Released On: December 12, 2011
The Bureau of Reclamation selected Mike Strombach, mechanical engineer, as the Pacific Northwest Region's Engineer of the Year for his efforts at introducing innovation and efficiency at Grand Coulee Dam located on the Columbia River in eastern Washington.
Strombach was recognized for his proactive approach to increasing operation efficiencies, improving safety throughout the Grand Coulee Project, and setting the standard for professionalism in the engineering organization.
"Innovation, personal creativity, breath of knowledge, and versatility are often used to describe mechanical engineers, and Mike Strombach exemplifies these traits in his work at Grand Coulee Dam," said Karl Wirkus, Pacific Northwest Regional Director.
In addition, Strombach developed a training session for incoming mechanical apprentices to improve their overall preventive maintenance skills. He is noted for inventing vortex generator/cavitation avoidance devices which are being tested inside scroll cases and turbine runners at the dam.
"Vortex generators are small fins, specially placed in a water flow path which causes the water to swirl.

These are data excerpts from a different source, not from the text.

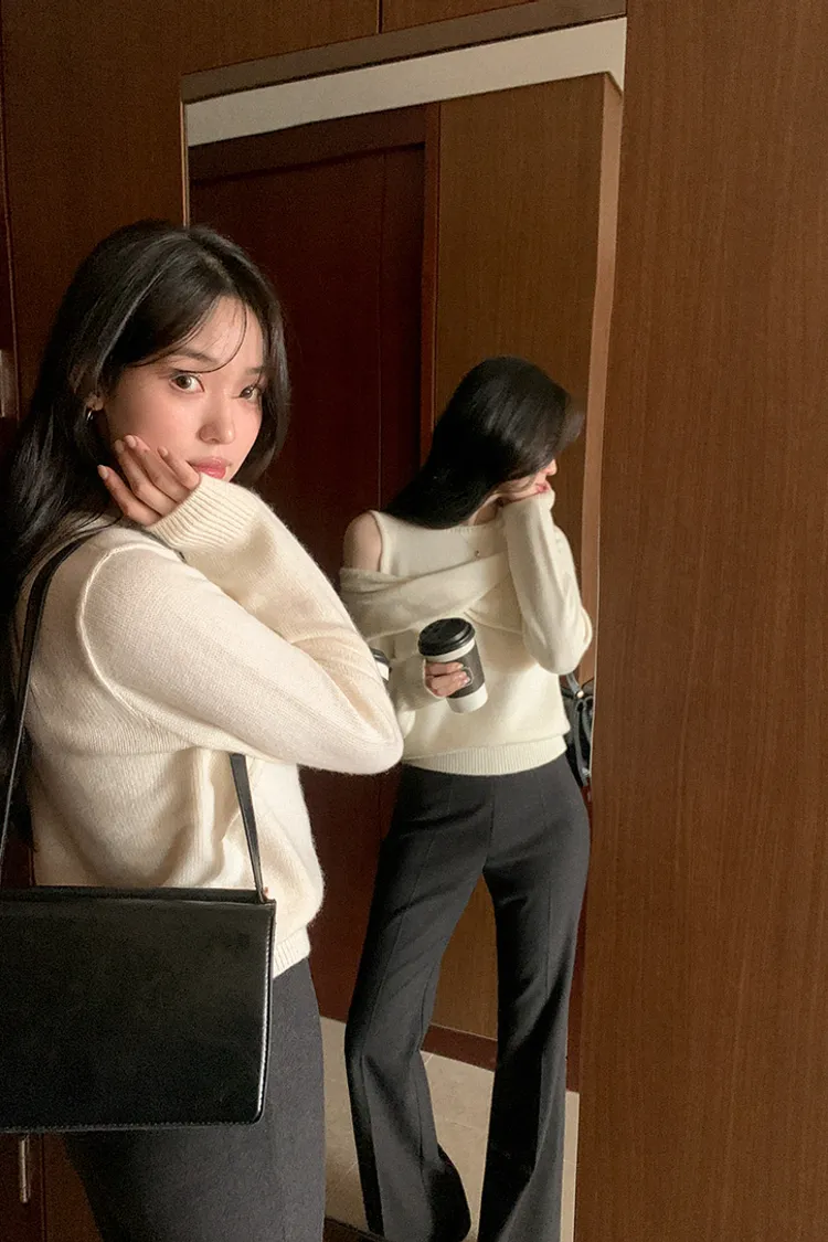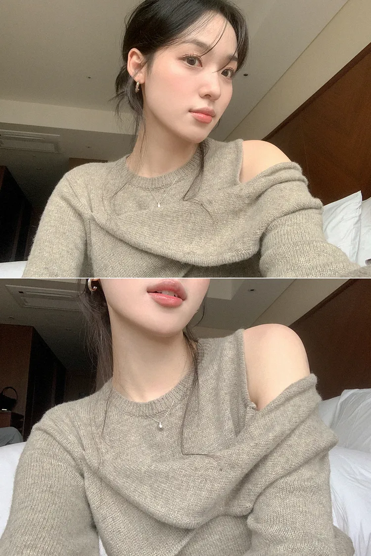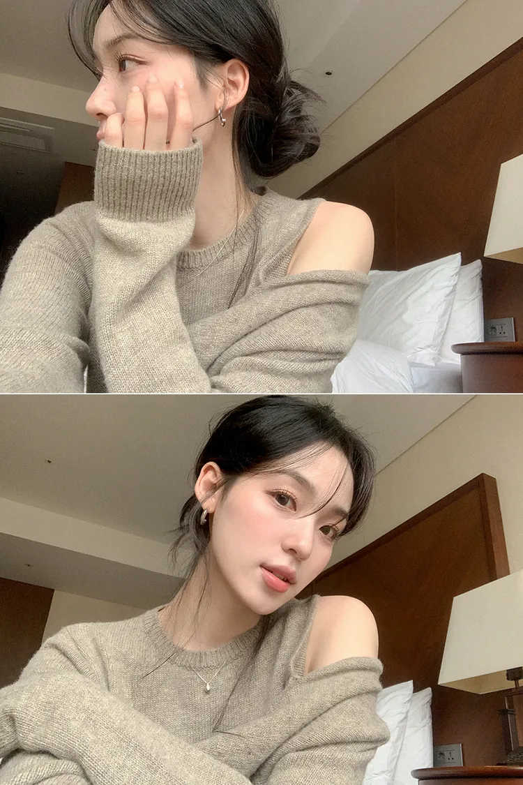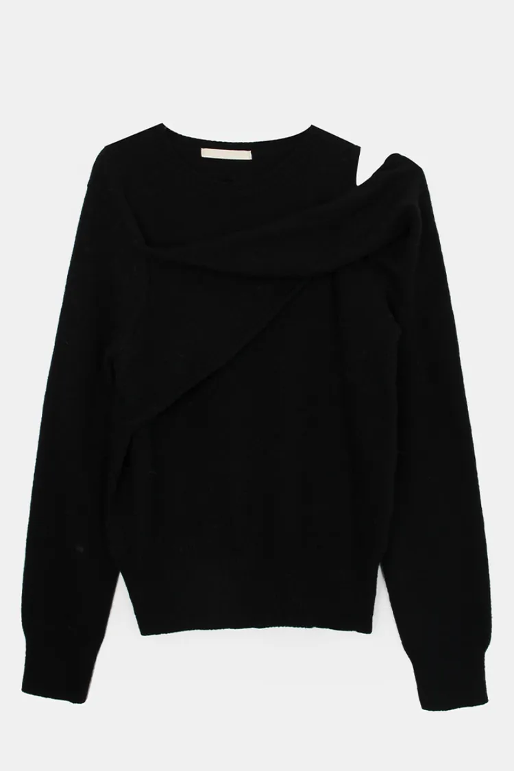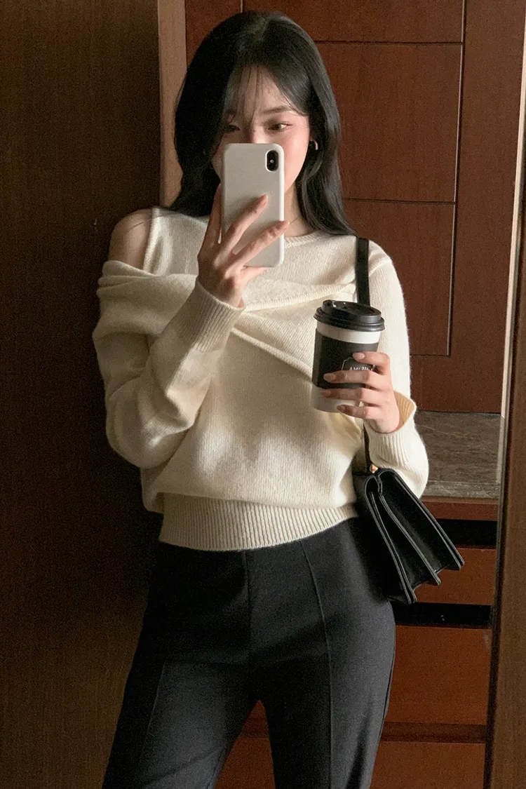 25-11H643cashmere扭結不對稱露肩針織上衣
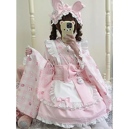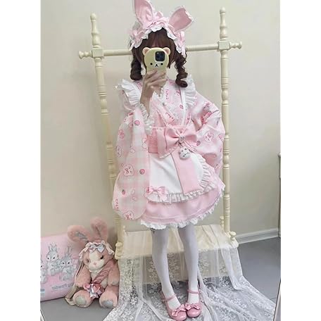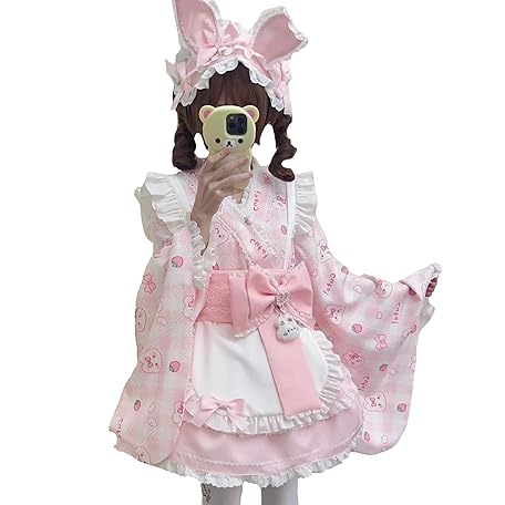 Sản phẩm [XHSUKADO] 量産型 4点セット ワンピース レディース 春 夏 秋 和服 和装 着物 トップス 浴衣 兎柄 ミニ スカート エプロン 帯 リボン付き チェック柄 可愛い 長袖 メード服 喫茶店 仮装 衣装 コスプレ 姫袖 đang được bán với giá ưu đãi là $40.0466 tại nước Nhật.
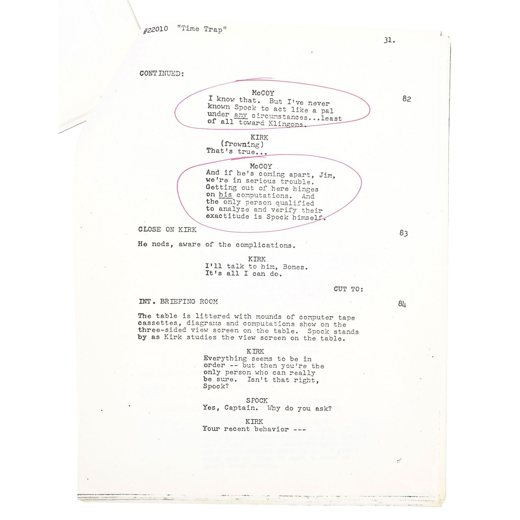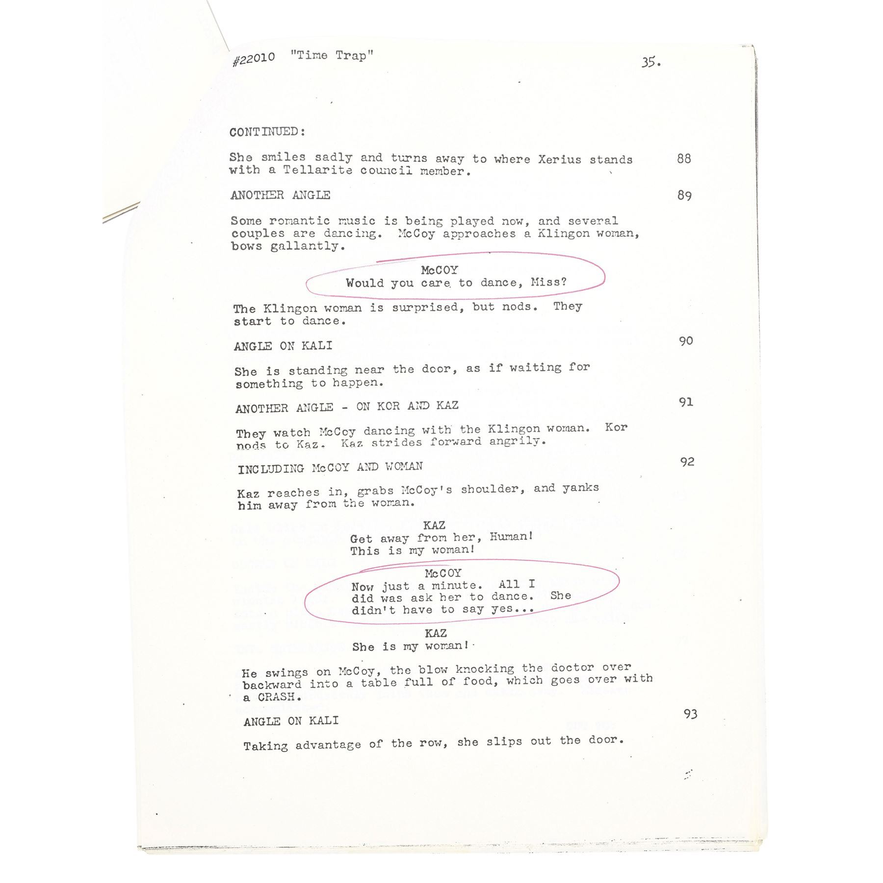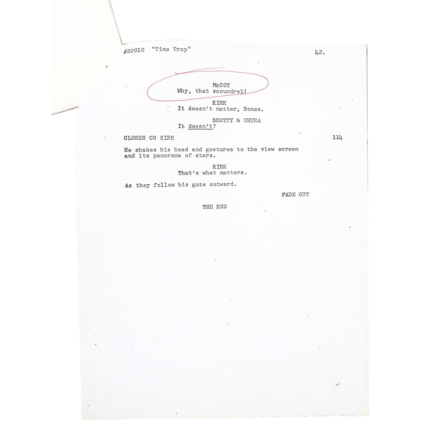 STAR TREK: THE ANIMATED SERIES (1973-1974) - DeForest Kelley's Signed Personal "Time Trap" Final Draft Script - DeForest Kelley's signed personal final draft script from the Season 1 episode "Time Trap" of the animated sci-fi series Star Trek: The Animated Series. Printed by production company Filmation, this stapled, 42-page final draft script is numbered "Filmation 22010," dated "Oct. 19, 1973," hand-marked "McCoy," and signed in black marker by Kelley on its title page. It is hand-marked "#10" and "Later changed to 'Point of Extinction,' " in graphite, referring to an unproduced episode title. The script exhibits staple holes, corner creasing, and edge wear throughout. Dimensions: 8.5" x 11" x 0.5" (21.75 cm x 28 cm x 1.5 cm)

This action decreases the destructive effects of cavitation which erodes metal," explained Strombach.
His skills have attributed to the operational effectiveness of critical equipment such as pumps, motors, and compressors by analyzing equipment performance using vibration analysis, according to Doug Anderson, Supervisory Mechanical Engineer.
"Mike is unique in his ability to move cleanly and efficiently from problem identification to solution development no matter the complexity of the problem or size of the project," said Anderson.

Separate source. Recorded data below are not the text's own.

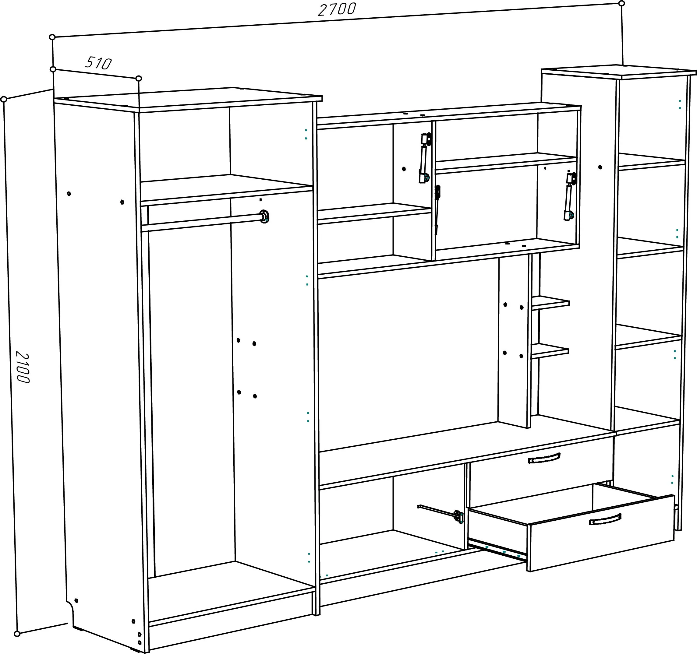 Living ML-Mobila ML-3 (265 cm), Anthracite / Oak craft white
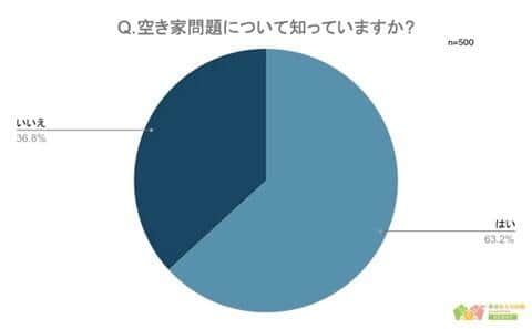 高齢化が進む日本では、2030年には空き家が430万戸になると言われている。そこでまずは単刀直入に、「空き家が20年間で2倍近くに増加しており、2030年には430万戸になると予測された問題を知っているか」と質問したところ、「はい(知っている)」と答えたのは、「63.2%」で過半数を超えた。今後高齢化がさらに進むなかで、「空き家」の問題を認知している人が多いようだ。
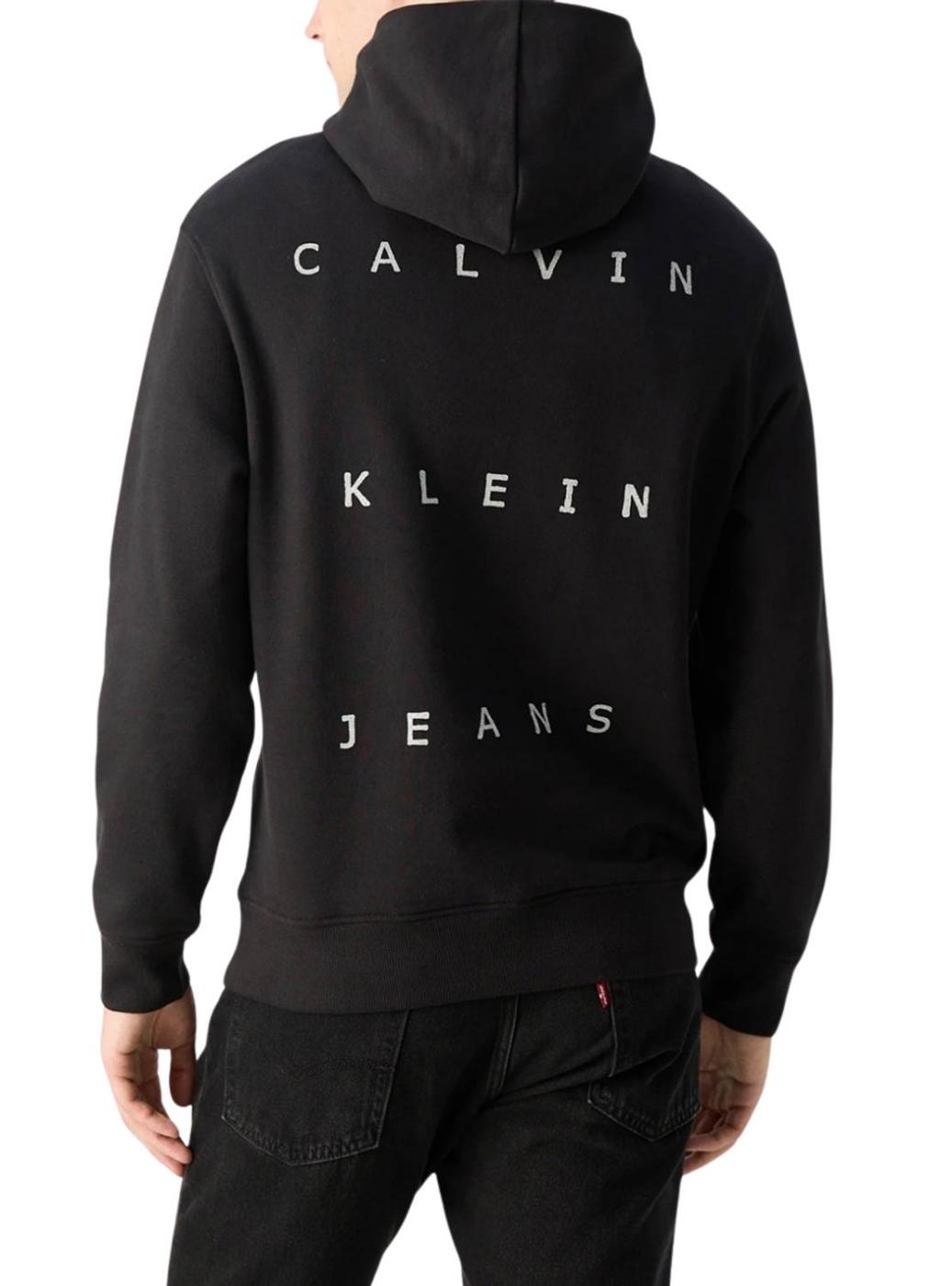 Moletom Calvin Klein Jeans. Modelo Stamp. Cor preta. Com capuz. Logo estampado no peito. Marca estampada nas costas. Ajuste regular. Extremidades caneladas.
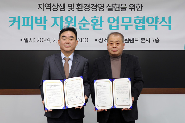 최철규 대표 직무대행은 “커피박 자원순환 업무협약으로 환경을 지키고 지역사회와 상생하는 새로운 사업모델을 구축하게 돼 기쁘게 생각한다”며 “친환경과 자원선순환을 선도하는 대표 기업으로서 지속가능한 동반성장 생태계 구축을 위해 최선의 노력을 다하겠다”라고 강조했다.
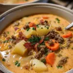 Eine herzhafte Hamburger Kartoffelsuppe, die mit saftigem Rindfleisch und frischem Gemüse gefüllt ist.
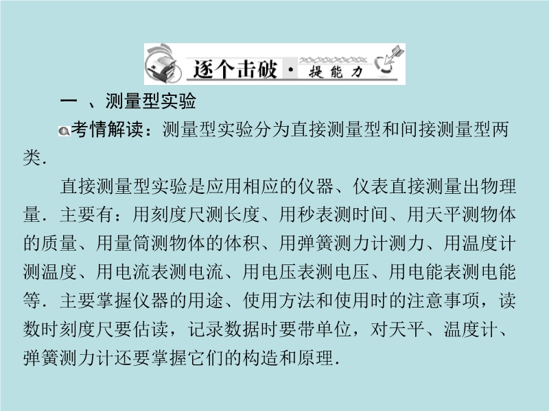 【内容简介】中考专题突破《专题二 实验题》ppt课件,本课件以中考专题复习为目的制作,是实验题专题,共有52张幻灯片。课件引导学生总结了实验题的答题技巧、三个重要的实验、初中物理的基本仪器,课件将实验题分为三种类型:测量型实验、探究型实验、设计型实验,每种类型的实验都精选了典型的例题和有针对性的练习,教学设计较新颖、独特。可供专题复习“实验题”时参考使用。

Strombach is an active volunteer for community events and educational causes throughout the state. He and his wife, Sara, live in Electric City, Wash. They have four children and six grandchildren. During his free time, he enjoys music, reading up on current events, and discussing topics related to science and mathematics.

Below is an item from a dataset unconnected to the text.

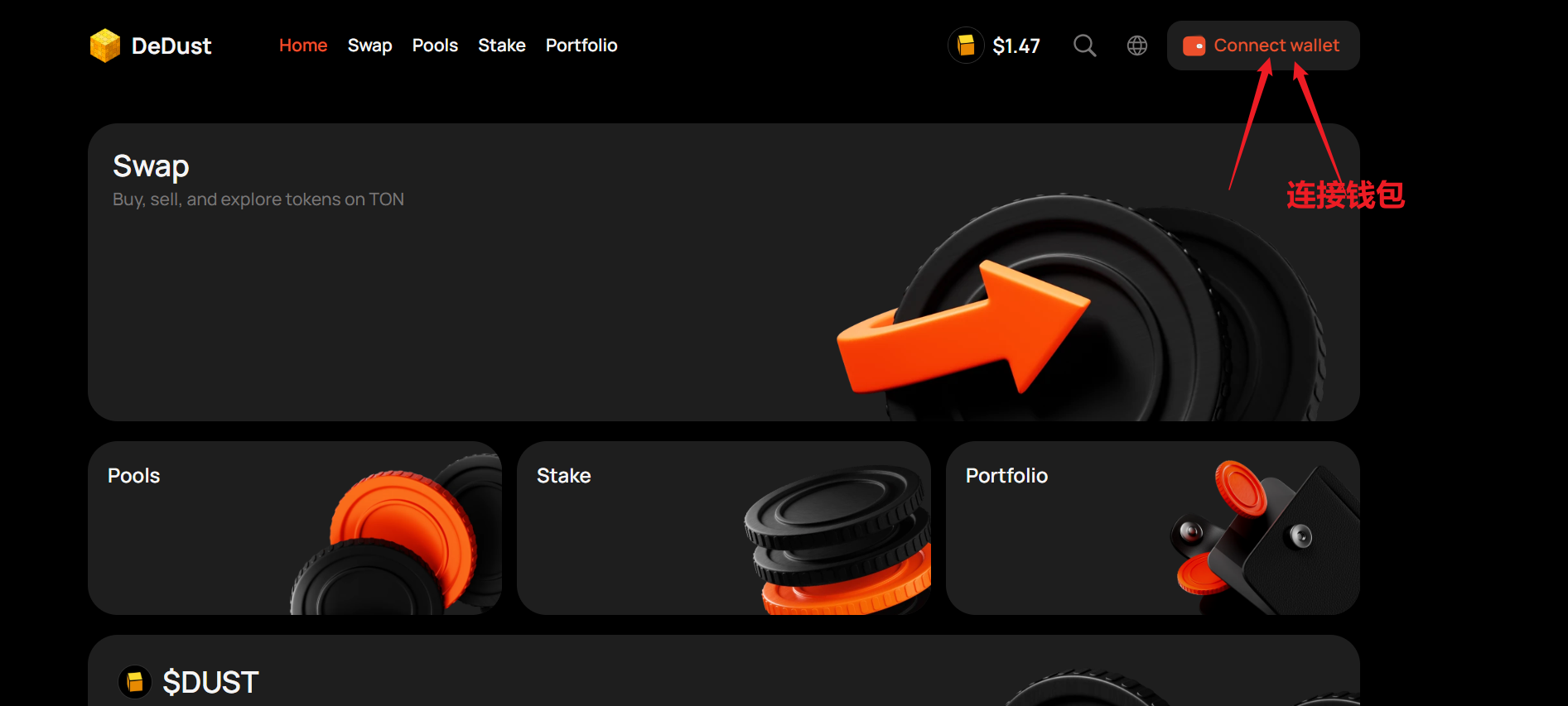 首先，我们打开DeDust的官网：<https://dedust.io/>，点击右上角`Wallets`，根据提示再点击`Connect Wallet`连接钱包

Grand Coulee Dam, completed in 1941, is a multi-purpose facility and a key feature of Reclamation's Columbia Basin Project. Power facilities at Grand Coulee Dam include 33 generators in three power plants, a pumping plant and three switchyards. The Project's rated electrical capacity is 6,809,000 kilowatts; making it the largest hydroelectric dam in the U.S., which also provides water to about 600,000 acres in the Columbia Basin Project.